I have the terraform_build_stage.yml and terraform_apply_stage.yml out in my TheYAMLPipelineOne repository. One should be able to quickly get up to speed by configuring the variable file to match what is needed in their environments.

Odds are this will require updating the Terraform directory to match their solution(s). Which also consistency is key. These templates will work best if solutions follow a specific naming pattern.

Additionally the serviceName parameter will need to be updated. This is mainly used for job display information; however, in my advanced deployments that deploy Infrastructure as Code (IaC) and app code this could be more important as it could match the actual app service name.

End Result

We can have multiple repositories with Terraform execute the exact same steps with a minimal amount of code. For example:

parameters:
- name: environmentObjects
  type: object
  default:
    - environmentName: 'dev'
      regionAbrvs: ['eus']
    - environmentName: 'tst'
      regionAbrvs: ['eus']
- name: templateFileName
  type: string
  default: 'main'
- name: templateDirectory
  type: string 
  default: 'Infrastructure'
- name: serviceName
  type: string
  default: 'storageAccountA'

stages:
- template: stages/terraform_build_stage.yml@templates
  parameters:
    environmentObjects: ${{ parameters.environmentObjects }}
    templateFileName: ${{ parameters.templateFileName }}
    serviceName: ${{ parameters.serviceName }}
    
- ${{ if eq(variables['Build.SourceBranch'], 'refs/heads/main')}}:
  - template: stages/terraform_apply_stage.yml@templates
    parameters:
      environmentObjects: ${{ parameters.environmentObjects }}
      templateFileName: ${{ parameters.templateFileName }}
      serviceName: ${{ parameters.serviceName }}

This Pipeline would be triggered first as a branch policy on main.
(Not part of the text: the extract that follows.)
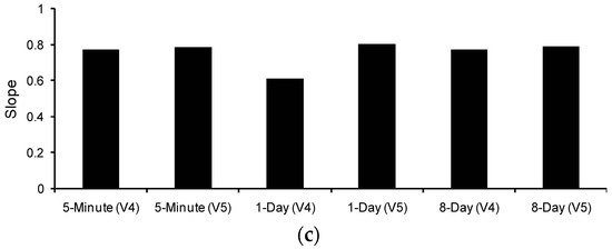 The slope (Figure 3c) shows the gradient of MODIS temperature values with the Landsat 7 ETM+ image. If the slope equals 1, MODIS and Landsat 7 ETM+ land surface temperature values are equal, hence have the same gradient. All product types of MODIS/Terra land surface temperatures have a similar slope of approximately 0.8. Only the 1-Day (V4) product shows a lower slope than the average (~0.6), and this is possibly a result of the fact that the meteorological conditions during acquisition of the images used in aggregating the 1-Day product were more variable.
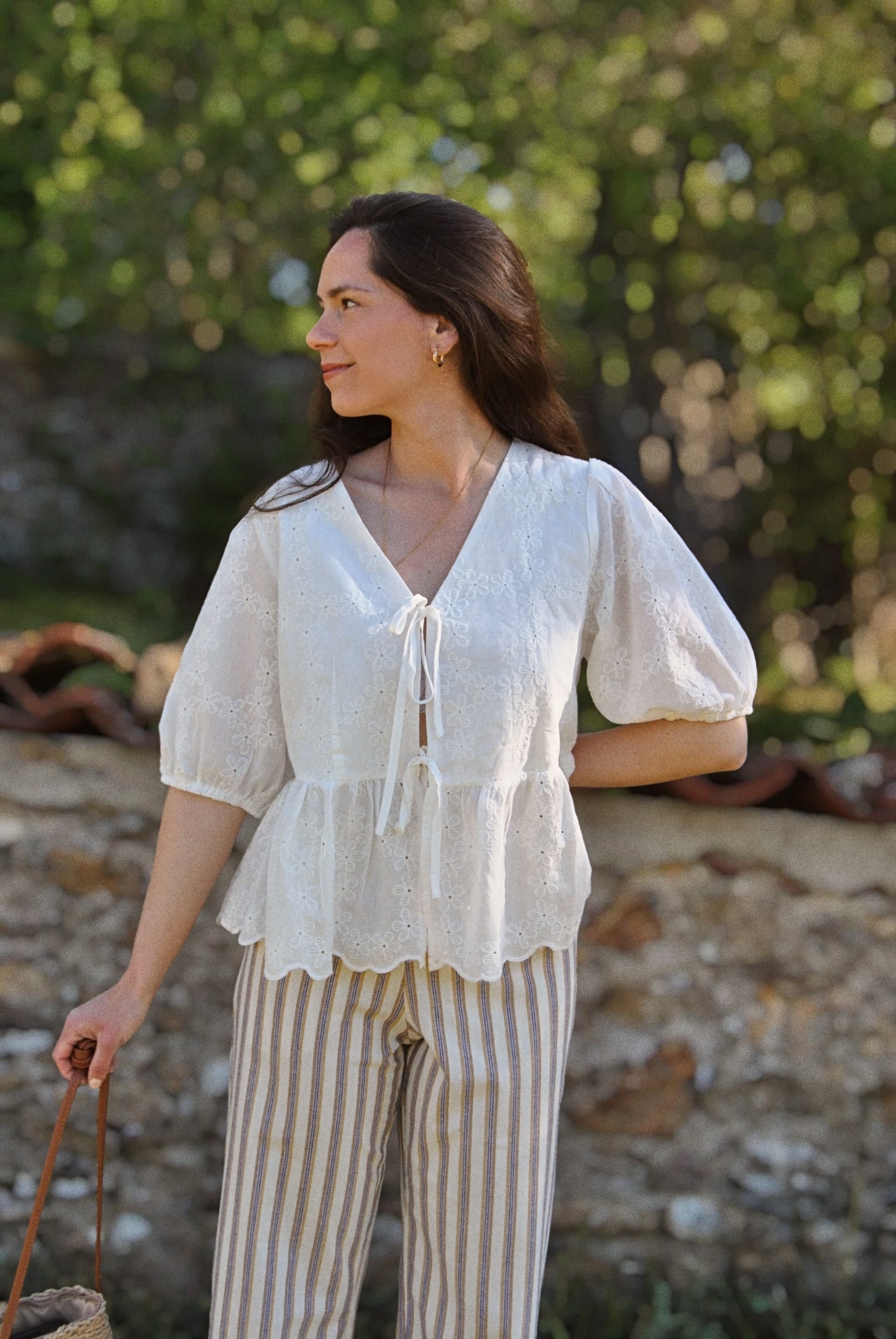 Blouse blanche à nouer sur le devant

This would then ensure the Terraform Build stage will execute. Once merged it will then run another Terraform Build and subsequent Terraform Apply across ALL the environments/regions.

Pipeline results from terraformStorageAccountA Pipeline. Leveraging multi stage pipeline with templates
Pipeline results from terraformStorageAccountA Pipeline

And why not show that this works for another repo:

Pipeline results from terraformStorageAccountB Pipeline. Leveraging multi stage pipeline with templates
Pipeline results from terraformStorageAccountB Pipeline

Conclusion

There are many solutions to CI/CD for Terraform pipelines. This is just an example of Terraform, CI/CD, Azure DevOps, and YAML Templates. Hopefully this was helpful. All code samples and working templates can be found in TheYAMLPipelineOne GitHub repo.